I have banged on in other Commons debates about the value of public procurement for investing in our wider UK food and farming sector. When food is sustainably sourced, there is a huge potential benefit; work from Food for Life demonstrates that every £1 spent creates £3 in social, economic and environmental value, mostly in the form of jobs in the local economy.
The third key argument for universal free school meal provision is simply that it is more efficient. We know that providing free school meals helps to end a situation where children fall through the gaps. Means-testing is always going to miss some children and families and, in England, the genuinely draconian eligibility criteria for free school meals means that one in three children living in poverty are still considered too well-off to access free school meals. That is extraordinary. Restricted eligibility, complicated registration processes and stigma also block countless families from accessing support. A universal provision would end this situation where far too many children fall through the gaps.
Free school meals, by the way, would also be massively more efficient in reducing administration. Schools would be able to get back administration time with all children’s meals being provided in the same way at the same time, as one mechanism, and we would get rid of problems around school lunch debts. These universal policies are also easier to defend and protect from erosion by future Governments, who might seek to freeze thresholds or restrict eligibility. In the UK, Wales and London are leading the way in the provision of free, universal, healthy meals at lunch time for every child in primary school as a means of reducing inequalities. England needs to catch up.
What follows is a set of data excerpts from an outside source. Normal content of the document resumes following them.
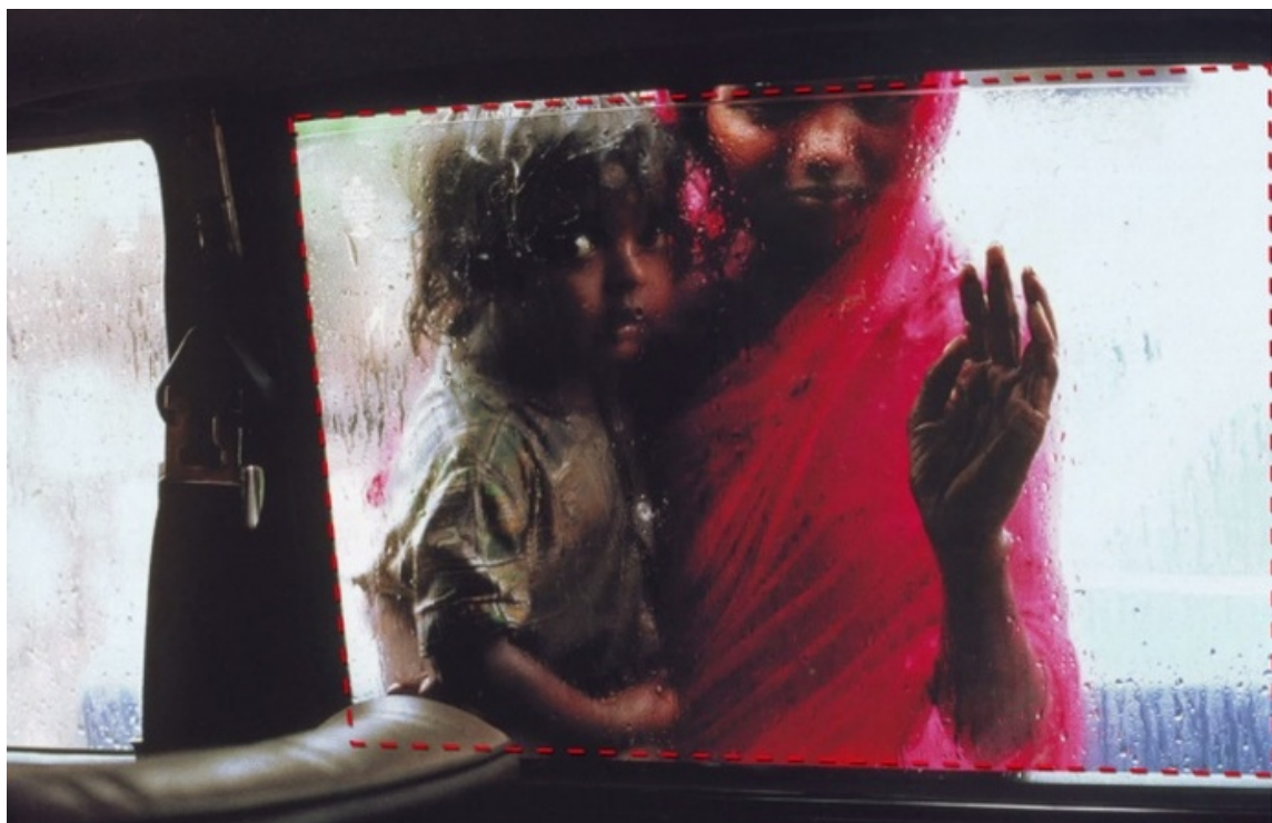
Рисунок 8. Естественные рамки
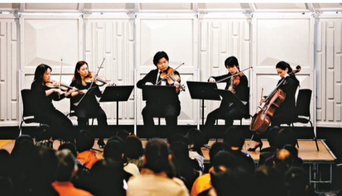
▲「小交」在大會堂大堂舉行午間音樂會

「懷舊與想像——胡永凱作品展」展期至七月八日。查詢電話：27369623，網址：www.wanfung.com.cn。
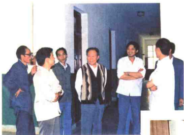
▲ 1987年8月29日，国家广播电影电视部副部长郝平南（中）到文山检查指导工作
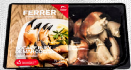
BOCA DE BUEY DE MAR COCIDA
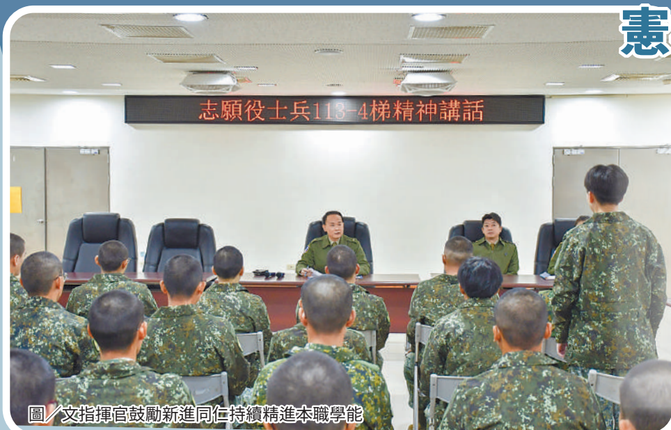
圖／文指揮官鼓勵新進同仁持續精進本職學能

最後，文指揮官期許新進同仁未來至各單位後，持續以認真的態度學習各項憲兵勤務，若遇勤務或生活上之問題，均要立即向建制幹部反映，並依層級尋求幹部協處；另鼓勵同仁充實本職學能，也可運用軍中資源公餘進修，提升個人競爭力。
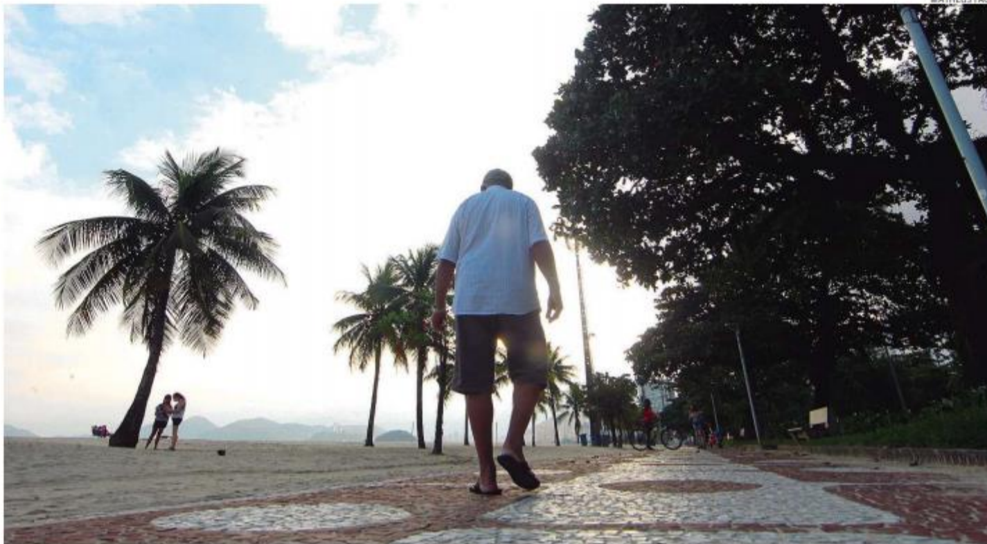
Autoridades santistas destacam os efeitos da vacinação contra o novo coronavírus na parcela mais idosa da população nos últimos meses

Ele explica que chegaram a ser aplicadas mais de 10 mil vacinas nesta faixa etária, envolvendo mais de 30 postos e todo o efetivo da atenção básica. “A imunização é fundamental para que as pessoas possam ter mais segurança e possamos retomar a vida sem qualquer problema”.
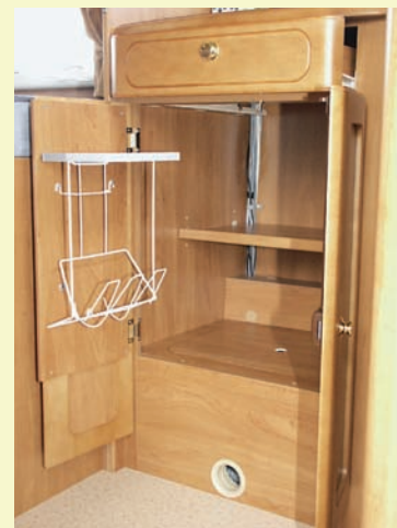
Det rejäla skåpet under arbetsbänken rymmer mycket, bland annat plats för soppsåsen.

Köket är i vinkel, och trelågig spis, diskho och en rejäl avställningsplats ingår i köksbänken. Två förvaringsskåp plus två mindre hyllor finns ovanför arbetsbänken. Nederdelen av bänken är inredd dels med en besticklåda, dels ett underskåp med dubbelörrar och plats för bland annat soppsåsen. I köksbänkens gavel finns – uppifrån sett – en lådfrent, men ingen låda! Därunder ett utdragbart skåp med tråd-
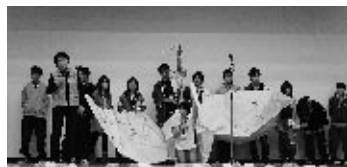
昨年は、巨大折り鶴をみんなで作りました。
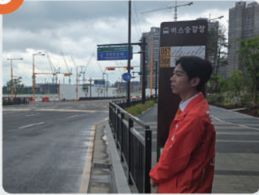
⑤ GTX, 3호선, 경의선 행 버스 노선 증진
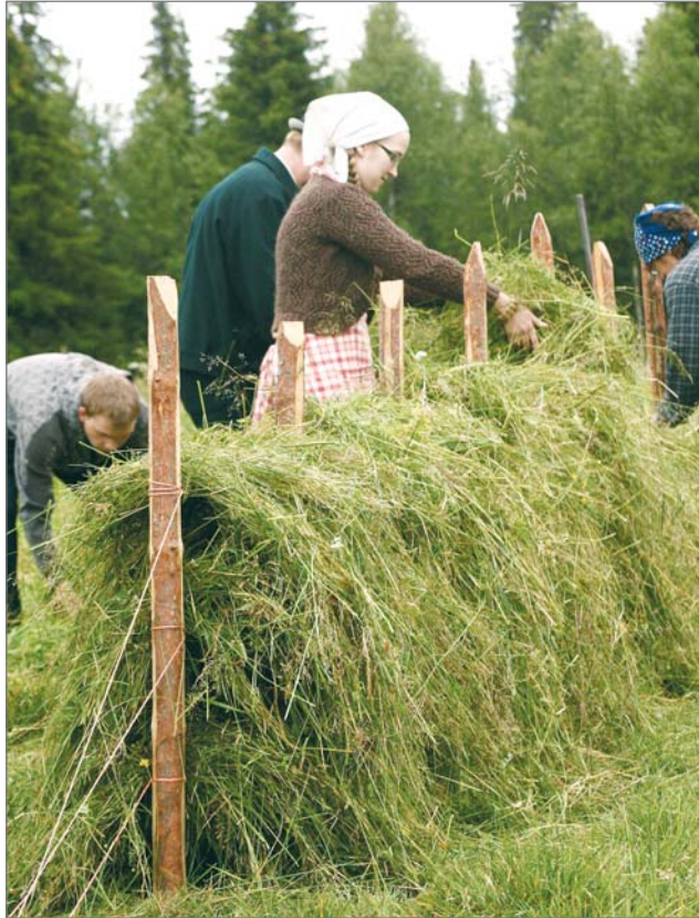
Heinät haasiolle kuivumaan
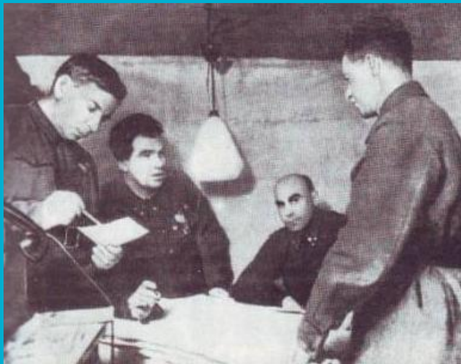
В штабе 62-й армии: Н.И.Крылов, В. И.Чуйков, К.А.Гуров, А.И.Родимцев

17 июля 1942 года передовые части фашистской группы армий «Б» в большой излучине Дона встретились с войсками Сталинградского фронта. Началась Сталинградская битва.
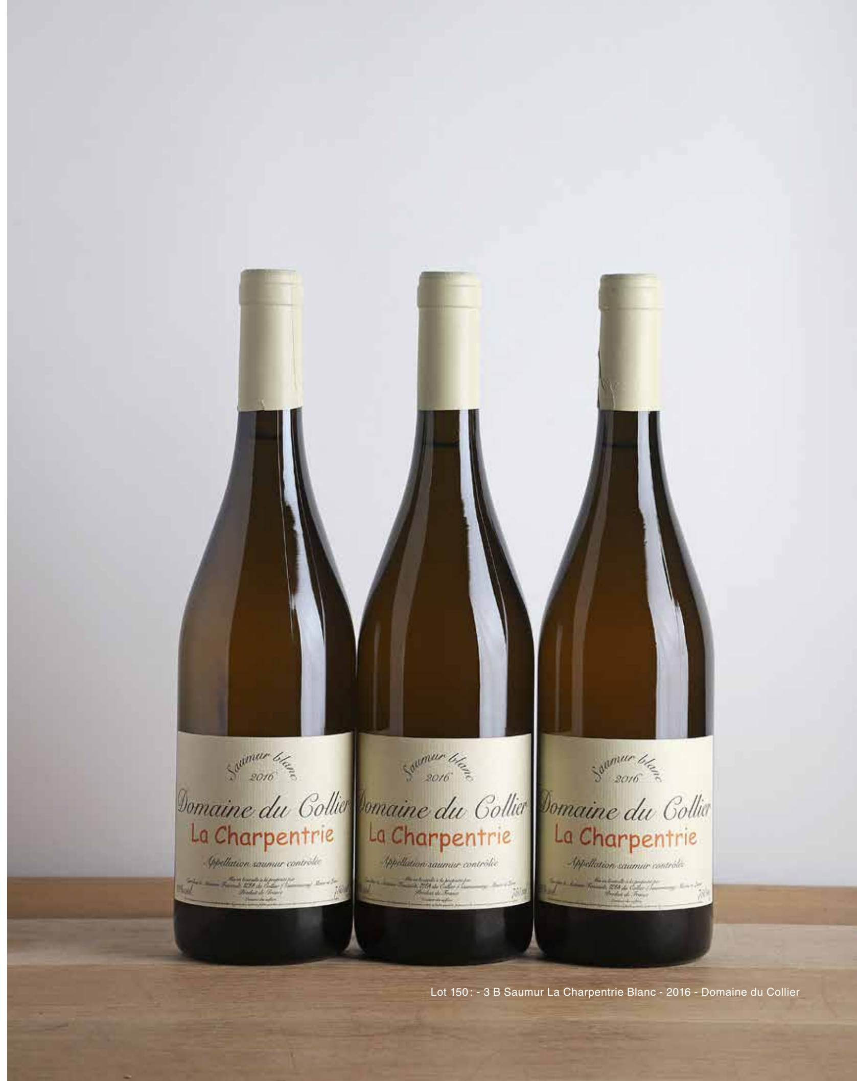
Lot 150 : - 3 B Saumur La Charpentrie Blanc - 2016 - Domaine du Collier

L'ABUS D'ALCOOL EST DANGEREUX POUR LA SANTÉ, À CONSOMMER AVEC MODÉRATION
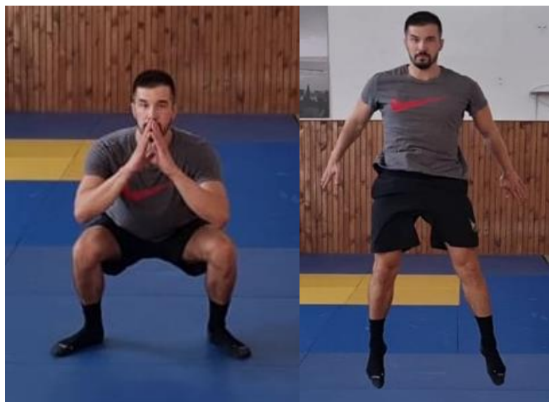
Slika 7. Čučanj - skok

Iz laganog trčanja prema naprijed na znak trenera radimo čučanj te eksplozivni sunožni odraz prema gore. Nakon amortizacije doskoka nastavljamo trčati prema naprijed i na ponovni znak ponavljamo čučanj – skok. Ovo je kompleksna vježba u kojoj imamo za cilj podignuti radnu temperaturu tijela i dodatno zagrijati zglob kuka, koljena i gležnja.
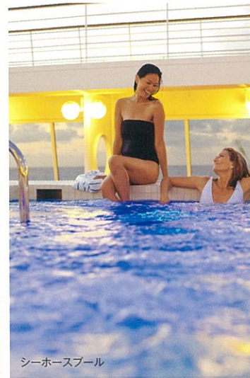
シーホースプール
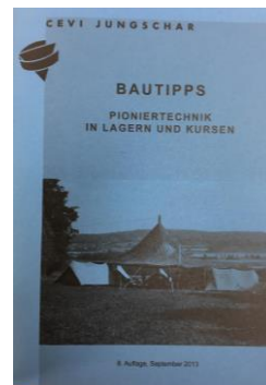
Bautipps CHF 3.00
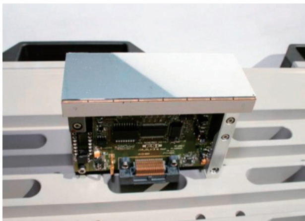
図1 PILATUSモジュール(ピクセルサイズ172 \mu\text{m} 、受光面積83.8 mm \times 33.5 mm、ピクセル数487 \times 195)

とにより、受光面を25.4 cm \times 28.9 cm、ピクセル数で1475 \times 1679に拡大した。全面積読み出し時フレーム率は最速30 fpsである。また、幾つかのモジュールを選択的に読み出すことも可能で、例えば中央の2モジュール読み出し時では200 fpsが得られる。ただし、垂直方向のモジュール間には7ピクセル、水平方向のモジュール間には17ピクセル、トータルで全面積に対し約8%の不感領域を含むことに留意する必要がある。
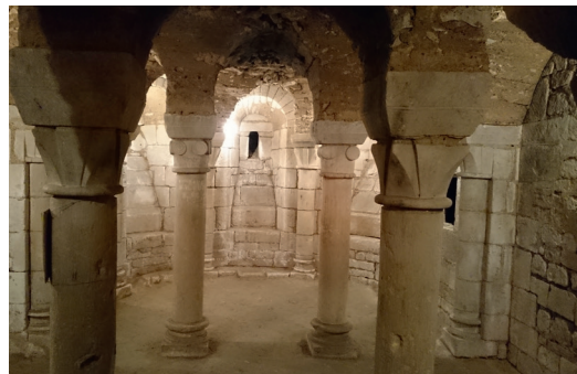
Crypte de l'église Notre-Dame de l'Assomption
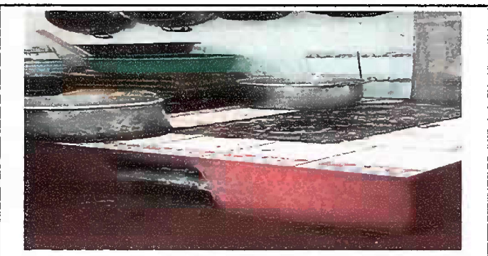
Foto 6: (MODULO 2). se observa las malas condiciones de la plancha, por el tiempo de vida de los materiales, se necesita sustitución de estufa rural.

Observación: Si es necesario se pueden agregar hojas adicionales y actualizar el número de hojas.
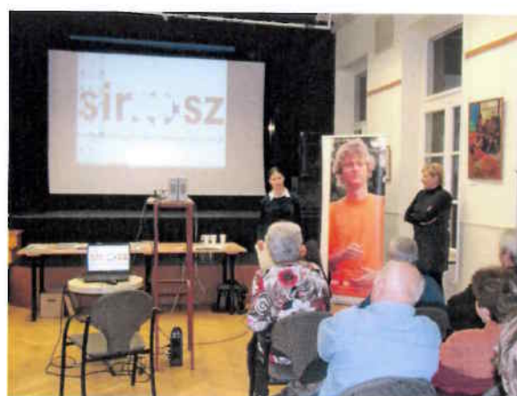
Érdekvédelmi előadás a SINOSZ Székházban
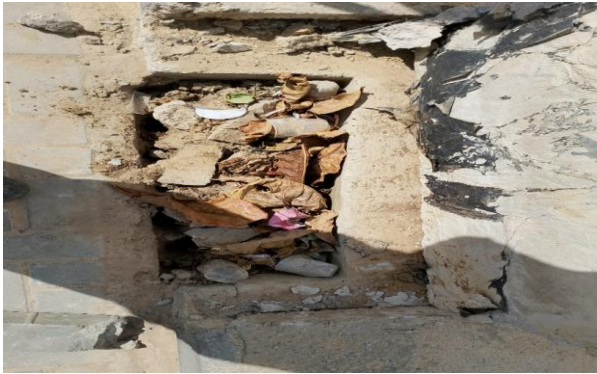
RUA A - DESOBSTRUÇÃO DE CAIXAS
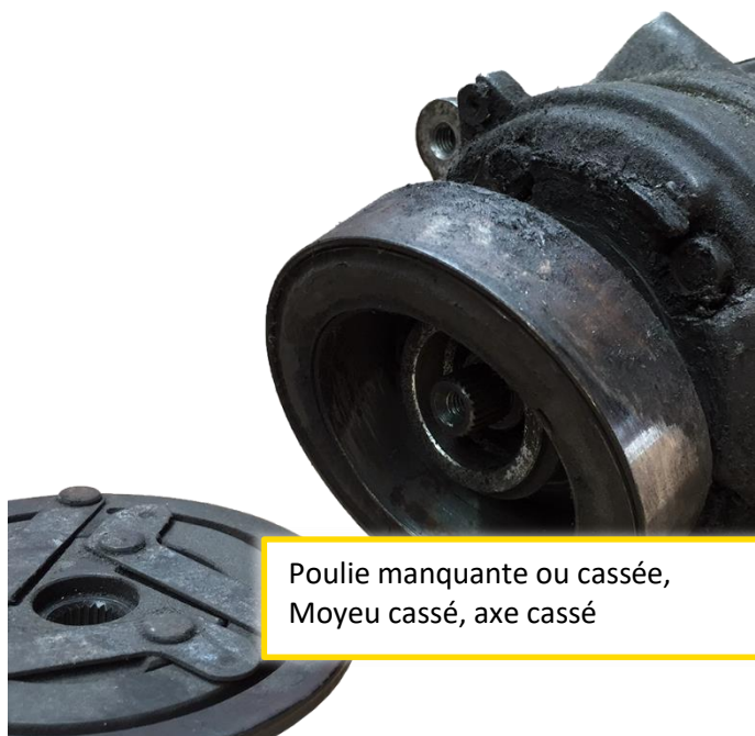
Poulie manquante ou cassée, Moyeu cassé, axe cassé
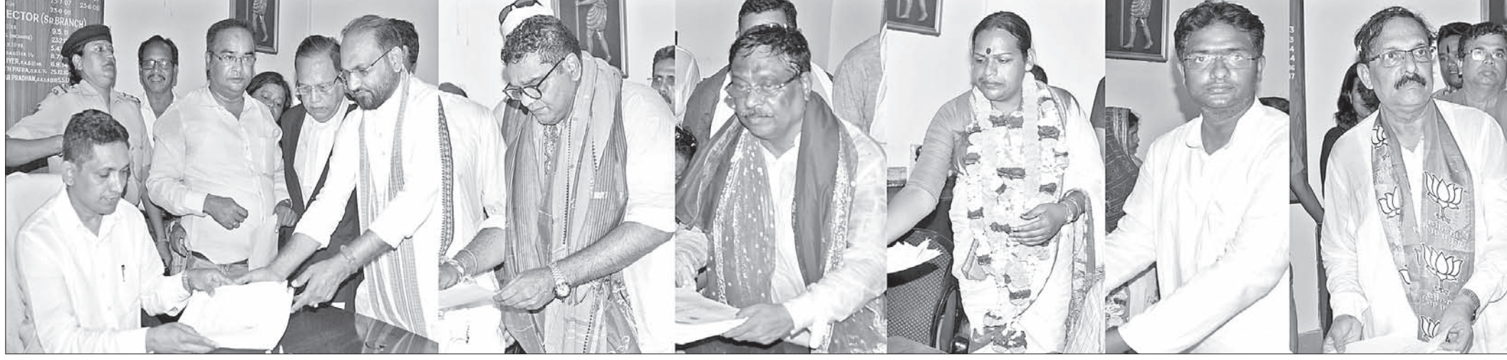
ବିଭିନ୍ନ ଦଳର ପ୍ରାର୍ଥୀ ନାମାଙ୍କନପତ୍ର ଦାଖଲ କରୁଛନ୍ତି।
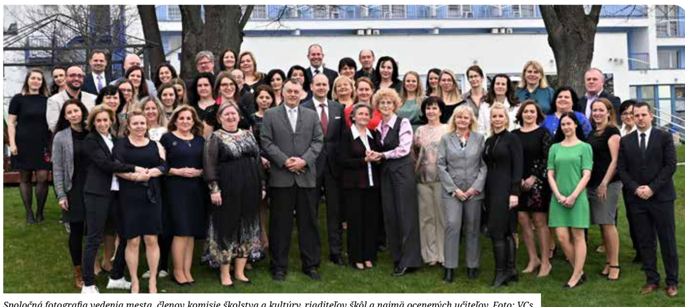
Spoločná fotografia vedenia mesta, členov komisie školstva a kultúry, riaditeľov škôl a najmä ocenených učiteľov.

Plánované domáce zápasy a výsledky niektorých našich športových klubov. (str. 27)
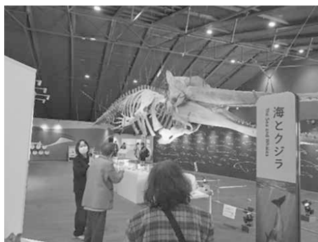
おしかホエールランド

『ホエールタウンおしか』内にある『おしかホエールランド』では、クジラの生態や特徴、牡鹿半島におけるクジラ文化を学びました。クジラの歯やひげを直接手で触れることができ、視覚障害の方にも好評でした。昼食にはクジラのお刺身、クジラのユッケ丼、クジラの味噌焼きとクジラ料理を堪能しました。その後『いしのまき元気いちば』へ移動し、物産品や海産物を買求めました。
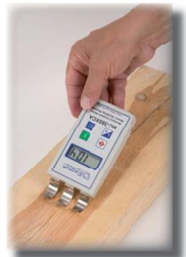
Mittaussyvyys 100 mm, - puupalkin kosteusvaurioiden paikallistaminen
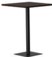
rq light t-2006
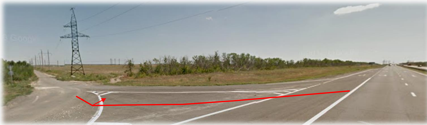
Фото №1. Пересечение Р-22 и проселочной дороги

Земельным массивом на праве собственности владеет ООО «Парк Волгоград»:

I sincerely hope that the Minister will consider new clause 2 ahead of Report to build on the excellent progress on breakfast clubs included in the Bill. Would it not be even more efficient and beneficial—nutritionally and economically, and for all the other reasons I have outlined—to ensure universal free school meal provision when children are already in school? It certainly would be at primary level, which is the case made by this amendment.
I and my party support a policy of extension of universal free school meals to all children, because hunger does not stop at age 11. This amendment focuses particularly on primary school-age children. We know children cannot learn effectively when they are hungry and school dinners help children to focus. They bring the community together and help children to connect with their peers and to build bright futures. Our children learn and play together—they should eat together, too.